Mild Surgical Complications Increase When Residents Participate
By HospiMedica International staff writers
Posted on 29 Aug 2012
A new study suggests that resident involvement in surgical cases is associated with a small increase in mild surgical complications, mostly caused by superficial wound infections.Posted on 29 Aug 2012
Researchers at the Cleveland Clinic (OH, USA), the University of Limerick (Ireland), and other institutions studied data collected by the US National Surgical Quality Improvement Program between 2005 and 2007, and performed a matched comparative study comparing outcomes for 40,474 patients who underwent surgery with resident participation and 20,237 whose operations did not involve resident participation. The groups were matched based on age, sex, specialty, surgical procedure, morbidity probability, and important comorbidities and risk factors.

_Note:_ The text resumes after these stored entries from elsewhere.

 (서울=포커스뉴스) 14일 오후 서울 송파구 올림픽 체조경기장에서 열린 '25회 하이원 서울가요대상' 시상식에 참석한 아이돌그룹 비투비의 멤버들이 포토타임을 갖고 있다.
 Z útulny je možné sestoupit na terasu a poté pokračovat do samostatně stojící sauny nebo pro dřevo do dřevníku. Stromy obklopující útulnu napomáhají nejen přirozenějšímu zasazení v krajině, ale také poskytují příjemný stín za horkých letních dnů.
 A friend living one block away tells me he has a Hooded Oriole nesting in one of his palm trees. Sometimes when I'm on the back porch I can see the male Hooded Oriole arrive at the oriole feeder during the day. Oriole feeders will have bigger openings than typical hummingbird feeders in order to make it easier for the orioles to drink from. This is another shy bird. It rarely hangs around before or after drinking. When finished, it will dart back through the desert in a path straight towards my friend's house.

The results showed that resident involvement did not affect 30-day mortality, severe complications, or medical complications. But overall complications did increase from 6.7% to 7.5%, surgical complications rose from 6.2% to 7.0%, and mild complications went up from 3.5% to 4.4% when residents participated in an operative case. The increase stemmed from a spike in superficial surgical site infections (SSI), which rose from 2.2% to 3% when residents participated. The researchers also found that surgical trainees did prolong operative time, with the mean procedure time lasting 122 minutes compared with 97 for cases without residents. The study was published in the September 2012 issue of Annals of Surgery.

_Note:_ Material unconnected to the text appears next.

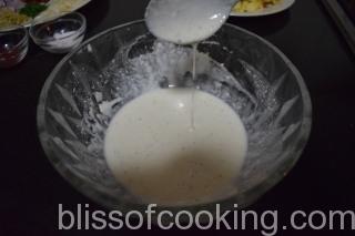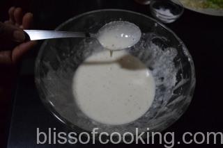 - Mix all the ingredients for the batter in a bowl by adding enough water to make a thick smooth paste.
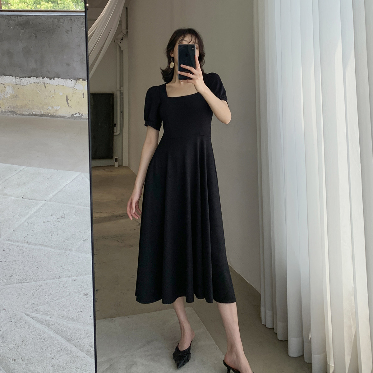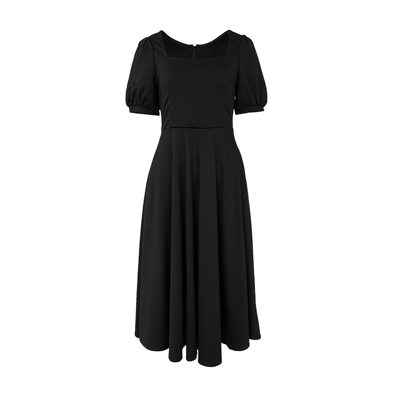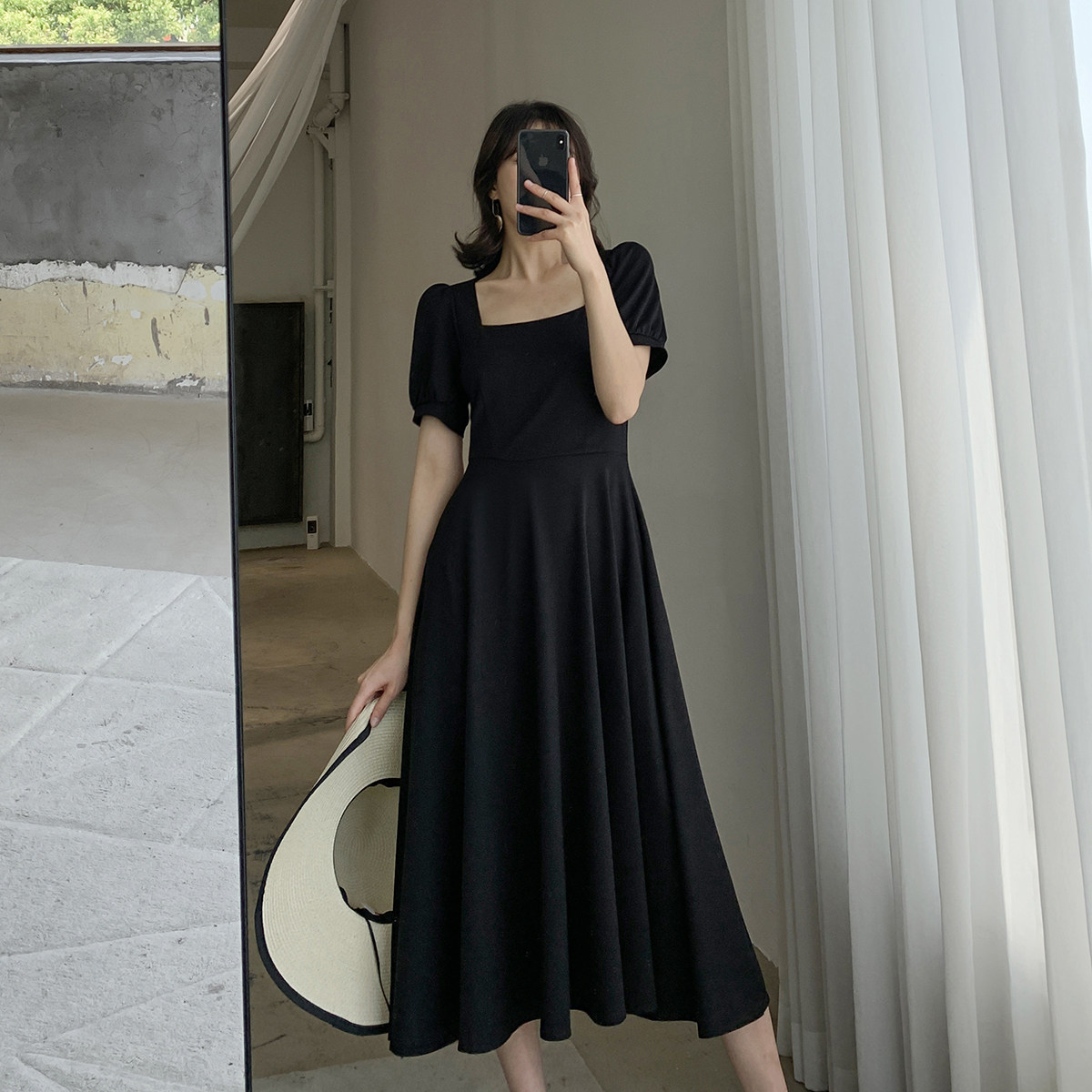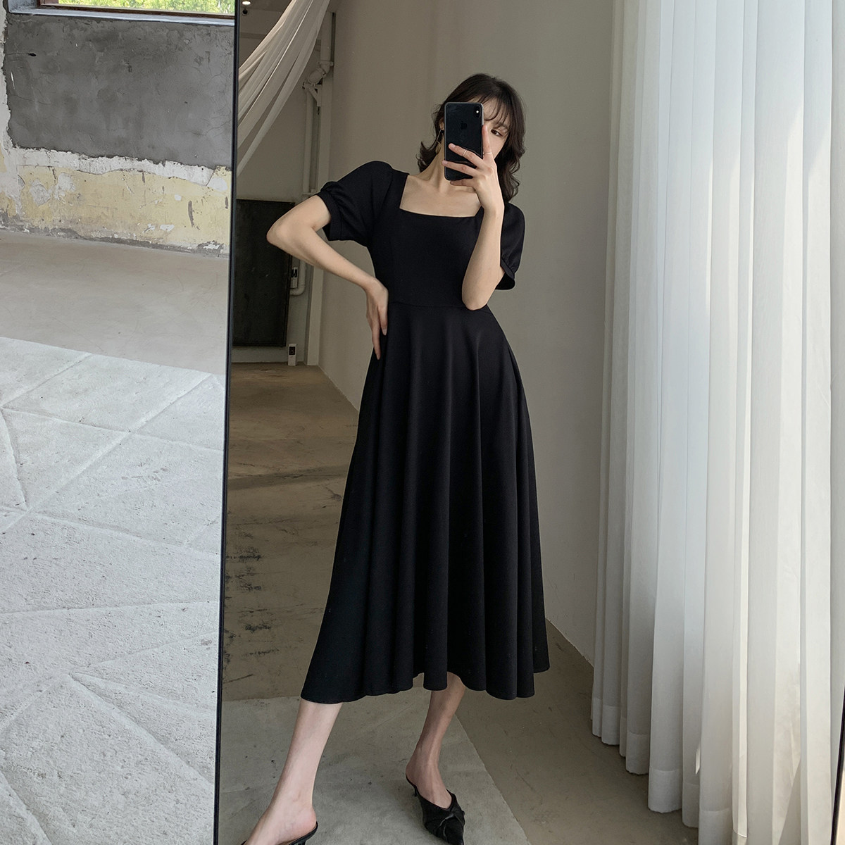 Goothic Custom Black Ocean Dress Woman 2022 Summer new French style retro Hepburn Square Collar Temperament Little Black Dress

“Resident participation may by itself be a surrogate for complexity and disease severity, despite any attempts at controlling for all potential patient-, disease-, and operation-related factors,” said lead author and study presenter Ravi Kiran, MD, staff surgeon and head of the research section of colorectal surgery at the Cleveland Clinic. “There is a small overall increase in mild surgical complications but we are unsure if it is clinically relevant; the difference may be marginal.”